Per capire la particolare durezza di quegli anni bisogna considerare che con l’entrata in guerra (giugno 1940) e per i successivi dieci anni molti italiani passarono dall’antica povertà alla miseria. E ciò indipendentemente da quello che accadeva sui fronti. Nella sola Basilicata migliaia di famiglie che sopravvivevano con i vaglia “americani” dei parenti emigrati si ritrovarono di punto in bianco nell’indigenza più nera, le sue campagne si riempirono di sfollati e i sussidi alle famiglie dei militari cessarono dopo l’8 settembre 1943. A pensare ai vecchi e ai nuovi bisognosi avrebbero dovuto pensare gli Enti Comunali di Assistenza (Eca). Avrebbero dovuto! Ma le risorse loro destinate dai magri bilanci dei comuni diventarono sempre più scarse.
Proprio studiando le carte di un Ente Comunale di Assistenza, quello di Tricarico, si scopre che qui, oltre agli sfollati, alle famiglie degli emigrati e a quelle dei militari bussavano alle sue porte supplicando aiuti anche gli appartenenti a una particolare categoria di artigiani, i pirotecnici.

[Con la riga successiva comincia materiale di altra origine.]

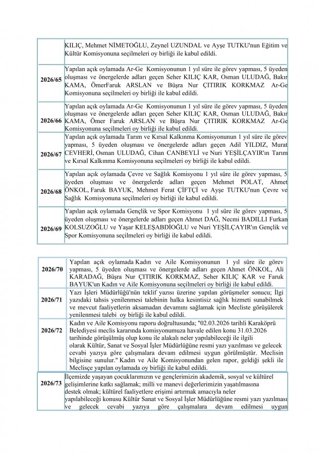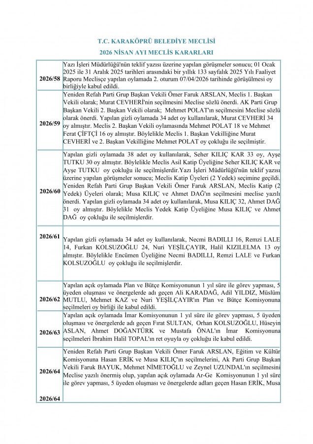 NİSAN 2026 MECLİS KARAR ÖZETLERİ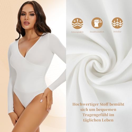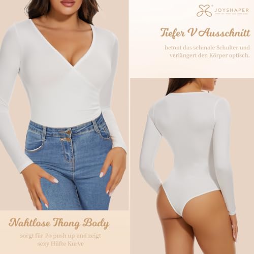 Joyshaper Damen Langarm Body Sexy V-ausschnitt Bodysuit Top Elegant Stringbody Longsleeve Shirt für Frauen

In alcuni paesi lucani quest’attività era praticata da alcune famiglie e nella piccola Tricarico c’erano ben tre sparafuochi. Due erano i fratelli, o cugini, Pietro e Pancrazio S.; il terzo, che tutto fa ritenere fosse il Paquale con l’eterna mantellina di cui parla Scotellaro, si chiamava in realtà Pancrazio P.

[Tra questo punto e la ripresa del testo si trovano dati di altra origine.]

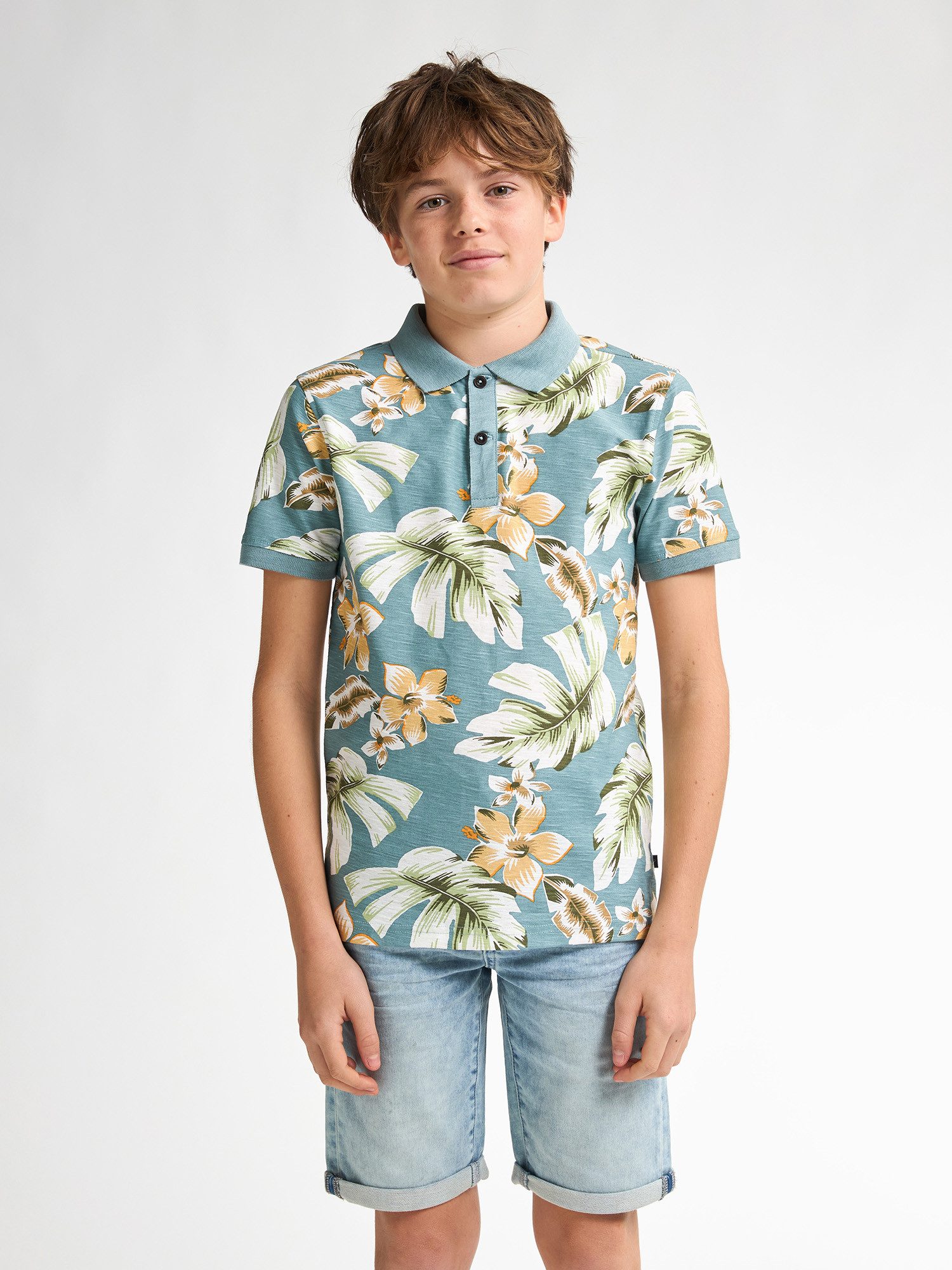 Poloshirt mit Allover-Print, offenem Kragen und Knopfleiste. Dieses Poloshirt hat einen unifarbenen Kragen und Ärmelbündchen. Das Poloshirt ist in verschiedenen Farben erhältlich. Du kannst dich nicht zwischen zwei Größen entscheiden? Wähle dann stets die größere Größe.

Si possono capire i motivi per cui in un paese in guerra si proibiscano gli spettacoli pirotecnici. Fu quanto fece il governo fascista. Nello stesso tempo dispose che i comuni concedessero aiuti a quanti vi erano addetti per risarcirli della forzata inattività. Non sappiamo quali aiuti l’Eca di Tricarico riuscisse a far loro arrivare, ma a partire dal 1942 il sussidio, quale che fosse, fu sospeso. Per questo i tre sparafuochi decisero di scrivere al podestà una lettera collettiva. In questa lamentavano di non poter “perfettamente vivere per la sola assistenza alimentare” e chiedevano di riavere un sussidio in denaro. Evidentemente la richiesta lascia il tempo che trova e nel settembre del 1942 uno dei firmatari della prima lettera, Pancrazio S. che ha una famiglia di sei persone, torna alla carica dicendo che “dati gli aumenti continui dei generi alimentarie e tutte le altre cose, siamo lasciati tutti scalzi e all’ignudi, e poi tengo anche da pagare l’affitto della casa”.

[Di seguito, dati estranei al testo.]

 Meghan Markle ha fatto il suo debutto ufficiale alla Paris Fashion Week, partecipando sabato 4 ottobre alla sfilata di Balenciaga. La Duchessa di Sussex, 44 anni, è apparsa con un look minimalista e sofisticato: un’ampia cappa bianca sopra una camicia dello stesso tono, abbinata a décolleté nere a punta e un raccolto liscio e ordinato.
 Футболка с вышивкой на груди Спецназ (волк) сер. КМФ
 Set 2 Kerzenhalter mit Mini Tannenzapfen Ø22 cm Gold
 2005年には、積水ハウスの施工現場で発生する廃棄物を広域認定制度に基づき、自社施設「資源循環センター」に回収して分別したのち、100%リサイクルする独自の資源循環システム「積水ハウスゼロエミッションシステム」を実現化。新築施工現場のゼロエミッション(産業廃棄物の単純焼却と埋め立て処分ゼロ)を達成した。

Dopo quattro inutili richieste al podestà, la moglie di Pancrazio S. decide di rivolgersi al prefetto. L’assistenza alimentare che ricevono, sostiene, è insufficiente e in ogni caso hanno bisogno di soldi per pagare l’affitto, il marito è “abbastanza di maggiore età di 60 anni che lavoro può adossare o forse deve andare a rubare per vivere la famiglia?”. Si dia loro un aiuto in denaro, “o puro date il permesso di fare sparare delle piccole castagnole che una vita così triste non la possiamo fare che ci moriamo di fame”.
A un certo punto anche il nostro Pasquale-Pancrazio decide di prendere carta e penna. Lo fa nell’agosto del 1944 poiché dal gennaio il sussidio gli è stato tolto e adesso come stipendio riceve una razione alimentare che non basta neanche a un ragazzino e 100 lire mensili diventate con l’inflazione carta straccia.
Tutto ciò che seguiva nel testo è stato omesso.